Mr. Pike turned, with a final “Damned sea-lawyer!” and started along the deck. I was walking behind him when he stopped abruptly.

“Mr. Pathurst.”

Not as an officer to a passenger did he thus address me. His tone was imperative, and I gave heed.

“Mr. Pathurst. From now on the less you see aboard this ship the better. That is all.”

And again he turned on his heel and went his way.

CHAPTER XVI

No, the sea is not a gentle place. It must be the very hardness of the life that makes all sea-people hard. Of course, Captain West is unaware that his crew exists, and Mr. Pike and Mr. Mellaire never address the men save to give commands. But Miss West, who is more like myself, a passenger, ignores the men. She does not even say good-morning to the man at the wheel when she first comes on deck. Nevertheless I shall, at least to the man at the wheel. Am I not a passenger?

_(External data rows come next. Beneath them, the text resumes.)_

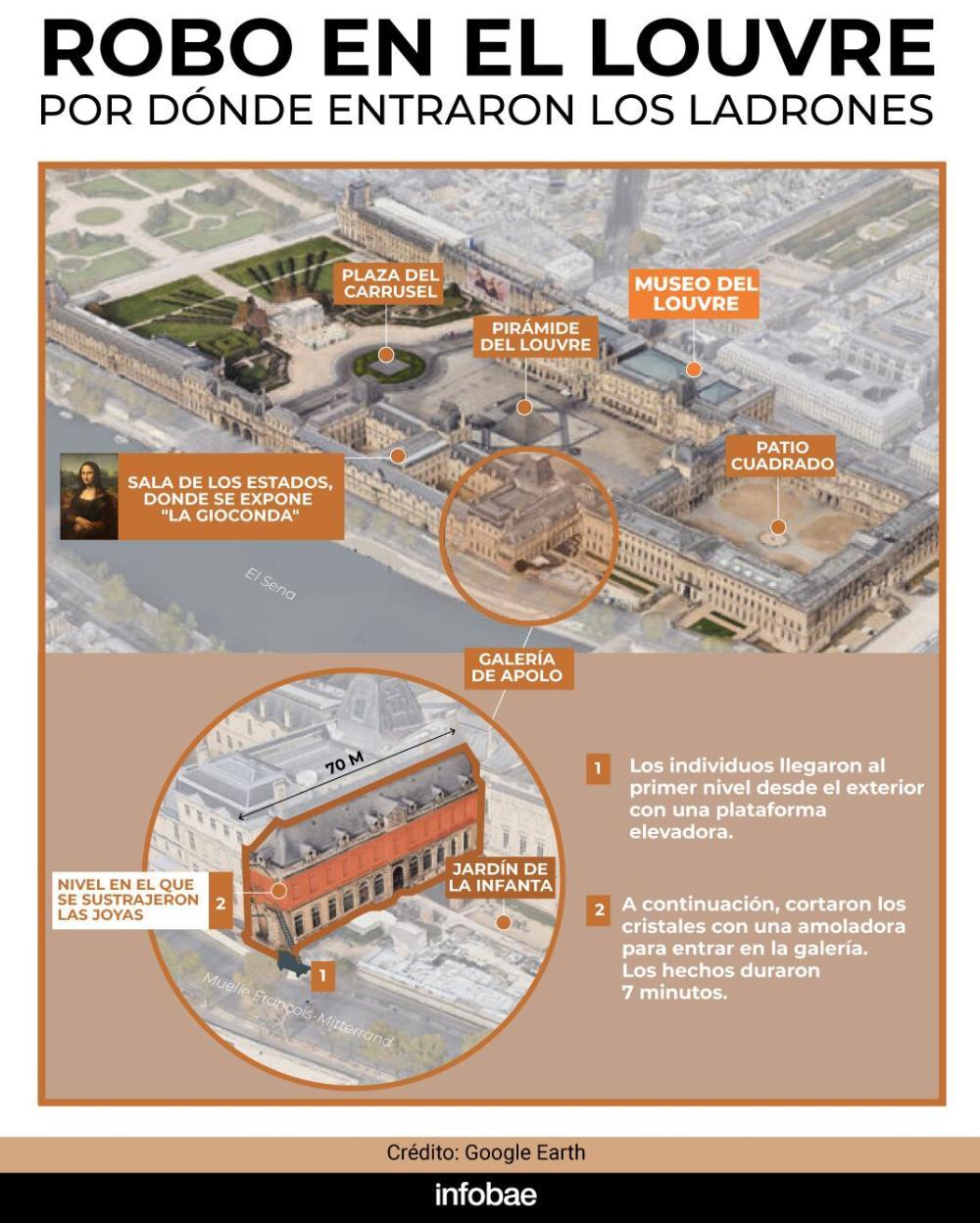 El periódico Le Parisien informó que los asaltantes irrumpieron en el antiguo palacio y museo más visitado del mundo por la fachada que da al río Sena, donde actualmente se realizan obras de construcción. Según el diario, los responsables utilizaron un montacargas de obra para llegar directamente a la Galerie d'Apollon, espacio donde se exhiben una selección de las Joyas de la Corona francesa.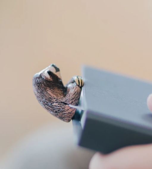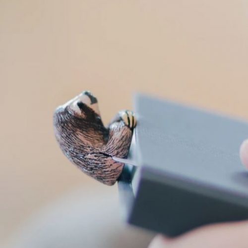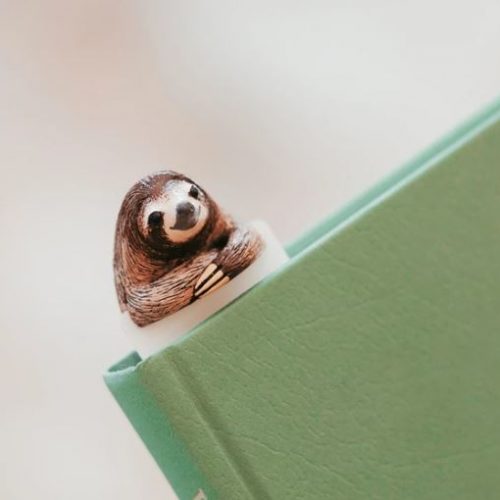 The Sloth’s bookmark is made of polymer clay, flawlessly painted with acrylic paint and finished with a varnish to seal and protect. They are attached to a hard-laminated cardboard bookmark with the inscription.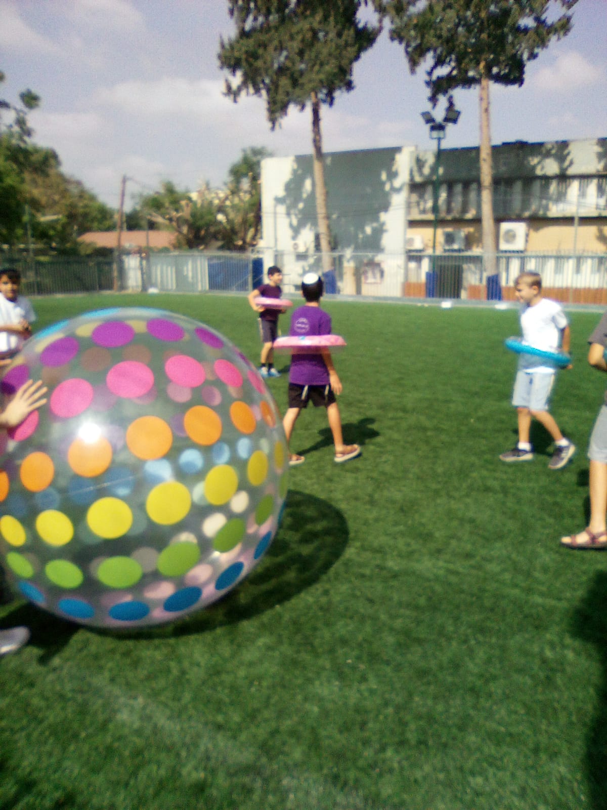 כדור עף ענק -משחקים ונרטבים -משחק בשילוב ממטרות מים סביב.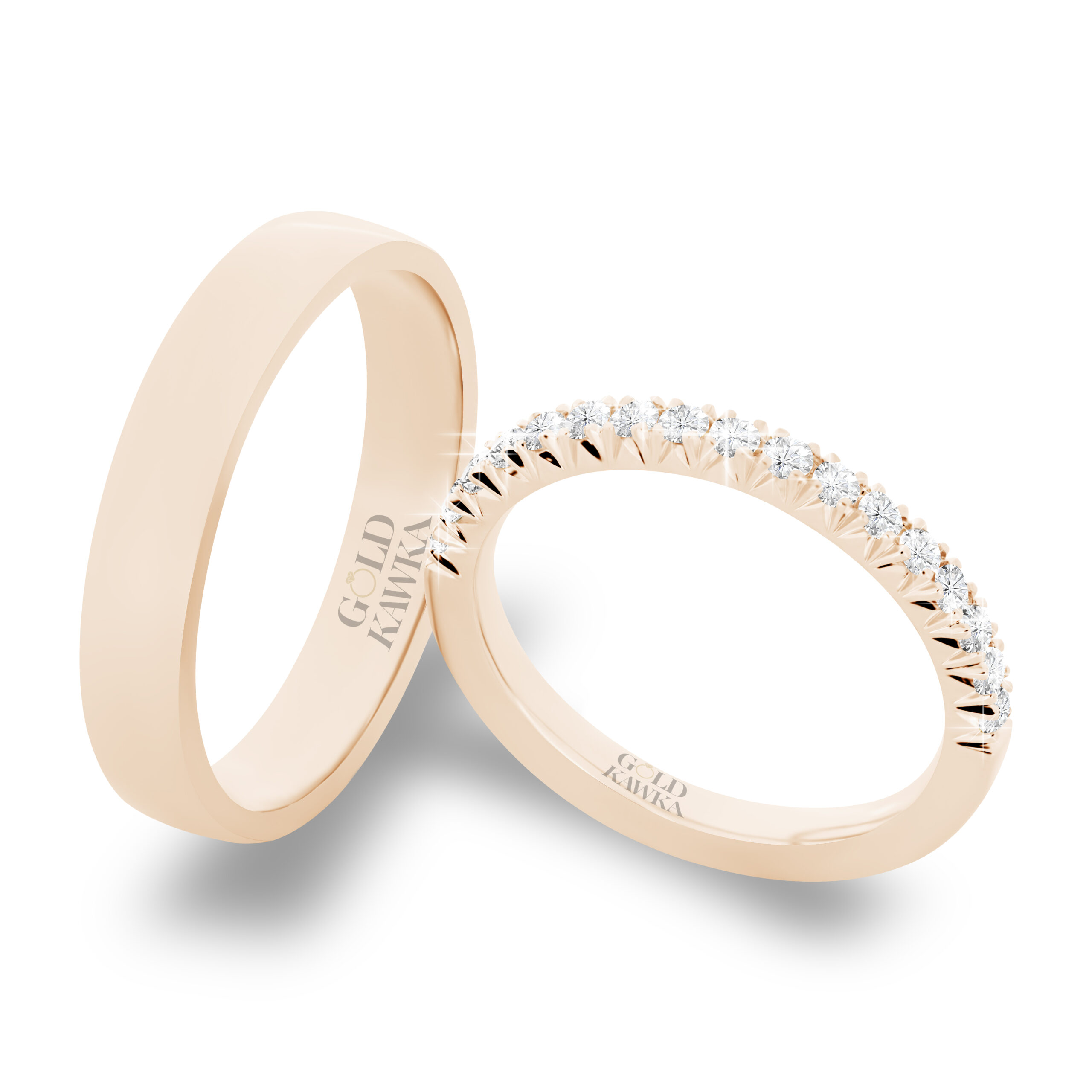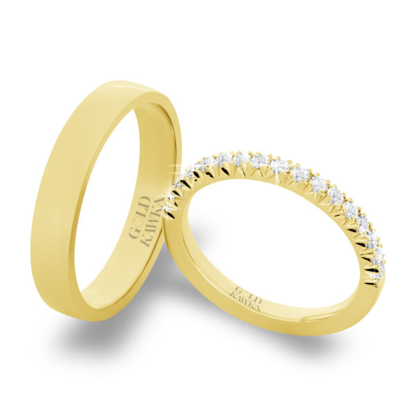 Obrączki ślubne wykonane zostały z żółtego złota w próbie 585. obrączki ślubne z brylantami, oprawa typu fishtail, która jest bardzo efektowna. Obrączka męska w profilu płaskim a damska obrączka dodatkowo wysadzana brylantami. Para obrączek idealnie dobrana do siebie. W pracowni Gold Kawka obrączki ślubne wykonywane są na indywidualne zamówienie, co daje możliwość dowolnego doboru koloru złota oraz innych parametrów obrączki. Podana cena jest kwotą orientacyjna za obrączki i nie stanowi oferty handlowej w rozumieniu art. 66 kodeksu cywilnego.

Which reminds me. Technically I am not a passenger. The Elsinore has no licence to carry passengers, and I am down on the articles as third mate and am supposed to receive thirty-five dollars a month. Wada is down as cabin boy, although I paid a good price for his passage and he is my servant.

Not much time is lost at sea in getting rid of the dead. Within an hour after I had watched the sail-makers at work Christian Jespersen was slid overboard, feet first, a sack of coal to his feet to sink him. It was a mild, calm day, and the Elsinore, logging a lazy two knots, was not hove to for the occasion. At the last moment Captain West came for’ard, prayer-book in hand, read the brief service for burial at sea, and returned immediately aft. It was the first time I had seen him for’ard.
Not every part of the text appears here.